The GSConv module consists of the Conv, DWConv, Concat, and Channel Mixing sub-modules, illustrated in Figure 6. Its operational procedure is as follows: Initially, the input feature map, with C1 channels, undergoes standard convolution to produce a feature map with C2/2 channels. Subsequently, depthwise separable convolution generates another feature map with C2/2 channels. These two feature maps are concatenated to form a unified feature map with C2 channels. Finally, the channel mixing operation adjusts the output characteristics to the desired channel count. Through this approach, the GSConv module combines depthwise separable convolution and standard convolution to reduce computational complexity and improve overall recognition accuracy by addressing limitations in feature extraction and fusion.

Figure 6.

GSConv Module

The integration of GSConv convolution aims to simplify model complexity. To enhance model inference speed without sacrificing accuracy, we introduced the VOVGSCSP module, as depicted in Figure 7. In Figure 7, Unit 1 illustrates the bottleneck unit structure of VOVGSCSP, while Unit 2 showcases a cross-stage VOVGSCSP module employing a single aggregation method.

Figure 7.

VoVGCSP Module

Figure 8.

The positions of GSConv and VOVGCSP modules

Experimental Testing and Result Analysis
Experimental Design and Parameter Setting

In the identical operational setting and employing the UAV dataset, experimental tests are conducted to compare the enhanced ATD-YOLO algorithm model with other algorithm models.
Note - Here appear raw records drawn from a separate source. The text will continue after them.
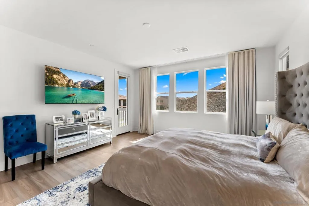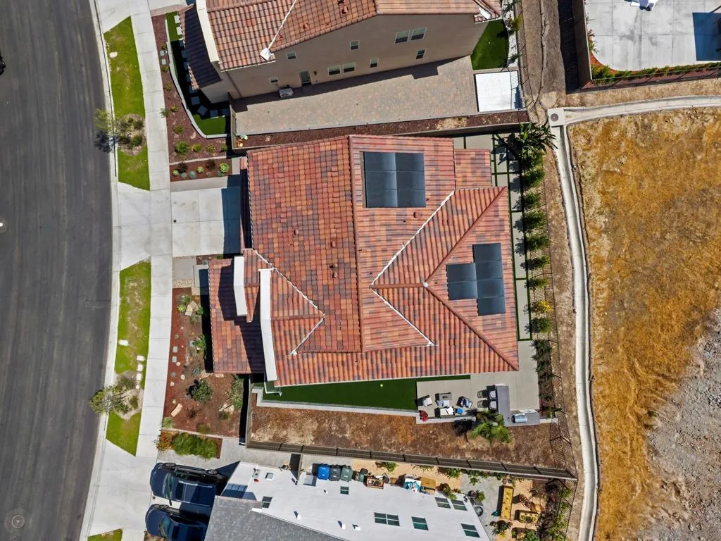 Welcome to this beautifully upgraded 5-bedroom, 4.5-bath home in Otay Ranch’s Cota Vera community within the desirable Savona neighborhood. Built in 2024 and offering approx. 3,445 sq. ft., this home combines modern comfort, flexible living space, and thoughtful upgrades for everyday life. The open floor plan centers around a spacious kitchen with an oversized island, built-in KitchenAid refrigerator, smart faucet, and ample storage, flowing into the dining and family room for easy gathering. Large sliding doors open to a covered California room with fireplace, perfect for relaxing, hosting, or enjoying indoor-outdoor living year-round. A highly desirable feature is the downstairs bedroom with its own full bath and closet, ideal for guests, multigenerational living, or added privacy. Also on the main level, the bonus room with custom built-in bookshelf offers flexible space for a home office, TV room, playroom, or optional bedroom. Upstairs, the versatile loft with built-in workspace and entertainment center provides more room for work, study, or play, while the custom primary closet with island and added built-ins add style and function. The home is enhanced by a custom-designed foyer wall and console table, created for the space and included with the home. Outside, the redesigned front and back yards feature low-maintenance landscaping, turf, irrigation, lighting, and a custom BBQ island with built-in grill, offering space to play, entertain, and unwind. Owned solar and smart-home features complete this turnkey home.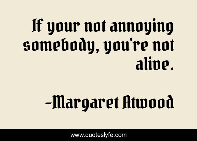 "Margaret Atwood Quotes." Quoteslyfe.com, 2025. Sat. 06 Dec. 2025. <https://www.quoteslyfe.com/quote/If-your-not-annoying-somebody-you-re-233342>.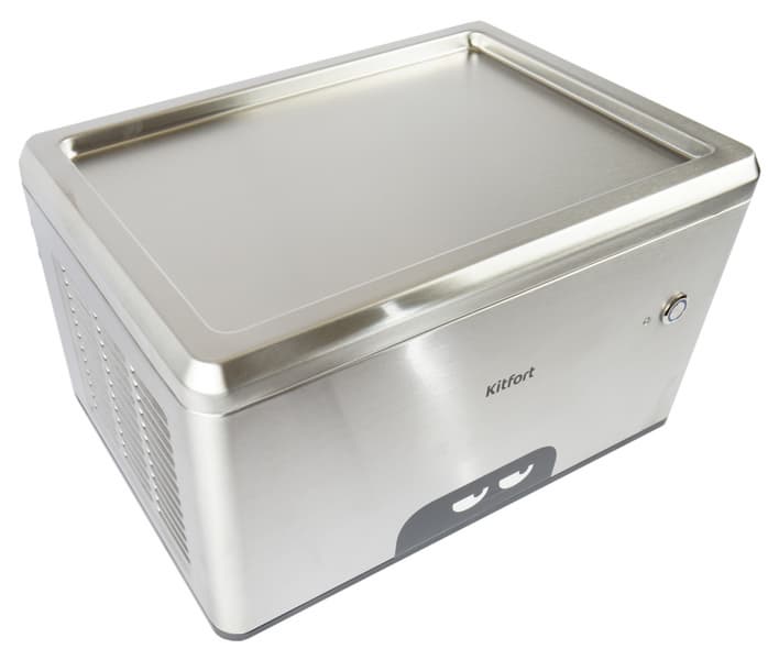 Верх прибора является рабочей поверхностью, которая замораживается с помощью компрессора, находящегося внутри прибора. На верхний морозильный поднос выкладываются продукты или готовая смесь и с помощью шпателей распределяются по поверхности ровным слоем.

The experimental environment configuration is outlined in Table 1. This comparison seeks to validate the improved algorithm’s efficacy in detecting low-altitude UAV targets.

Experimental Setup Configuration

Name Environment Configuration
System Environment Ubuntu 22.04
CPU AMD Ryzen 9 5950X
GPU RTX 4060 Ti 16GB
Deep Learning Framework Pytorch 1.13.1
IDE CUDA 11.7

Throughout the training phase, a combination of the cosine annealing learning rate decay method and the SGD algorithm is utilized. The training regimen spans 600 epochs with a batch size of 16 and a momentum of 0.937. Mosaic data augmentation is employed to enrich the backgrounds of images by randomly scaling, cropping, and arranging four training images in a mosaic pattern. This augmentation technique enhances the accuracy and robustness of small object detection.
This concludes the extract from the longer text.